At the local area level, health care delivery was characterized by the supply of internal medicine subspecialists per county using Area Resource File data (24), which include US county records of the number of internal medical subspecialists (including but not limited to rheumatology and nephrology, but excluding general internal medicine medical doctors) who provide direct patient care to civilians. If participants resided in a county that had no subspecialists, then they were assigned the value “zero subspecialists in county.” Of the remaining observations, we calculated the county rates of the number of persons per subspecialist and categorized the distribution into 2 groups: counties with 1 subspecialist per 1,000–8,000 population (the bottom quartile of persons per subspecialist) and counties with 1 subspecialist per 8,001–123,000 population (remaining quartiles).

In the analysis, we controlled for potential confounding by including demographic characteristics and health status. Demographic characteristics included age, sex, and race/ethnicity (non-Hispanic white versus all other). We measured health status with the Medical Outcomes Study Short Form 36 health survey physical functioning scale, the Center for Epidemiologic Studies Depression Scale (29), and a self-reported global rating of SLE disease activity in the 3 months preceding the interview (similar to a visual analog scale, but used over the telephone where participants were asked to rate their SLE disease activity on a 0–10 scale). The global rating of SLE was intended as a disease-specific measure of health (30).

We used the prevalence of SLE-related events as a proxy measure for disease severity. Participants were asked if they had had any of the following manifestations or procedures in the preceding 12 months: kidney problems due to SLE, kidney biopsy, kidney transplant, dialysis, bronchoscopy, lung biopsy, pleurisy, pericarditis, hemoptysis, deep vein thrombosis, pulmonary embolism, transient ischemic attack, stroke, heart attack, eye clot, vision loss, other blood clots, or seizures. Since 1 of the 4 yearly interviews assessed only 11 of the 18 above events, we calculated the proportion of events experienced and categorized the distribution into 3 levels: no events, ≤20% of events (corresponding to 2 SDs above the mean), and >20% of events, rather than using a count data.

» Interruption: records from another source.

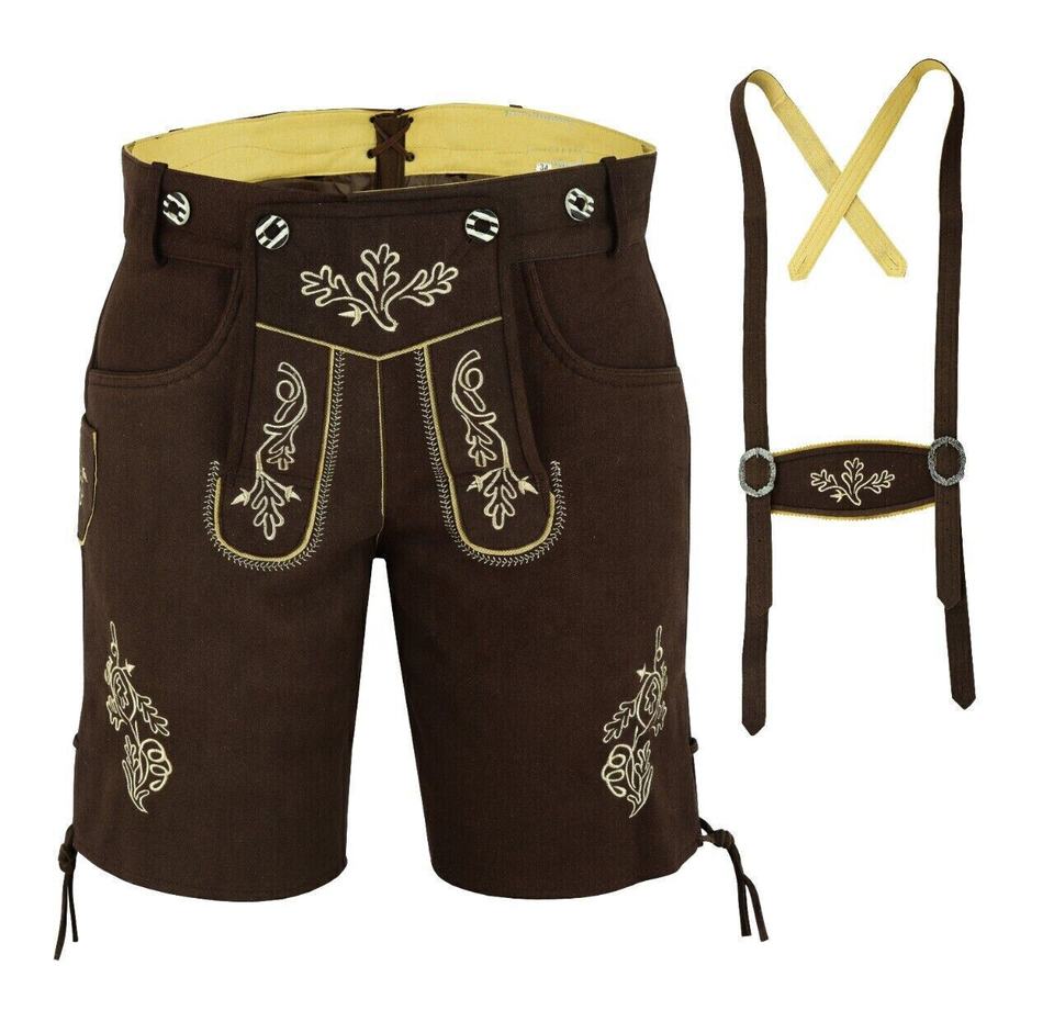 กางเกงขาสั้นบาวาเรียนเลเดอร์โฮเซนสำหรับผู้ชายแบบสั่งทำเข็มขัดหนังวัวนิ่มแบบเย็บปักแบบแบนมีกระดุมน้ำหนักเบาสำหรับสวมใส่ในเยอรมัน
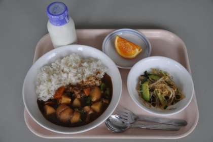 進級おめでとうございます。今日のメニューは人気のカレーライスです。新しい学年になって初めての給食です。友だちと楽しく食べましょう。
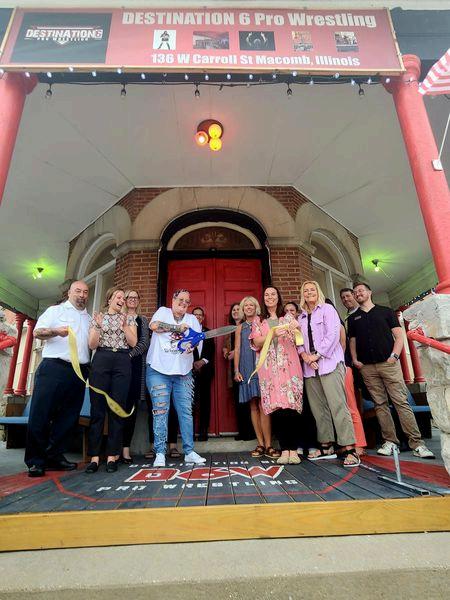 The Ambassador Committee of the Macomb Area Chamber of Commerce held a ribbon cutting on July 16 to welcome Destination Six Pro Wrestling as a brand new Chamber member. Housed in a former church located at 136 W. Carroll St., Cece Impact and family have renovated the space to include a full wrestling ring and made it their mission to provide action-packed entertainment to locals and visitors of all ages. The much-anticipated July 20 NO TURNING BACK X event was sold out to a crowd of 180 fans. For upcoming events and more, follow Destination Six on Facebook/Instagram.

We also controlled for the number of years since SLE diagnosis.

Random-effect variable.

We obtained data on hospital service areas (HSAs) from the Dartmouth Atlas of Health Care (25). An HSA is a geographic area defined by a collection of zip codes within which residents receive the majority of their hospital care. After matching LOS records to an HSA by zip code, we found that the LOS sample represented 337 of the 3,436 nationwide HSAs. In order to make inferences to the HSA population, we modeled HSA as a random effect. By analyzing HSA as a random effect we were able to examine whether the relationships between the aforementioned predictors and number of physician visits for SLE vary from HSA to HSA. Of note, the geographic areas of HSAs are not required to be contiguous and may cross political boundaries (25). For example, 2 participants who reside in the same county may reside in 2 different HSAs. As a result, the variable in this study that was measured at the county geographic level (county supply of specialist) was not completely nested within the HSA, which precluded performing a multilevel or hierarchical methods analysis.

Statistical analysis.

Exploratory analyses of the dependent variable demonstrated that the total number of physician visits for SLE had a skewed distribution, with a minority of participants with very high physician use. Therefore, we transformed the number of physician visits for SLE to its natural logarithm prior to estimating the models. After estimation we used a smearing factor to transform this measure back to natural terms (31).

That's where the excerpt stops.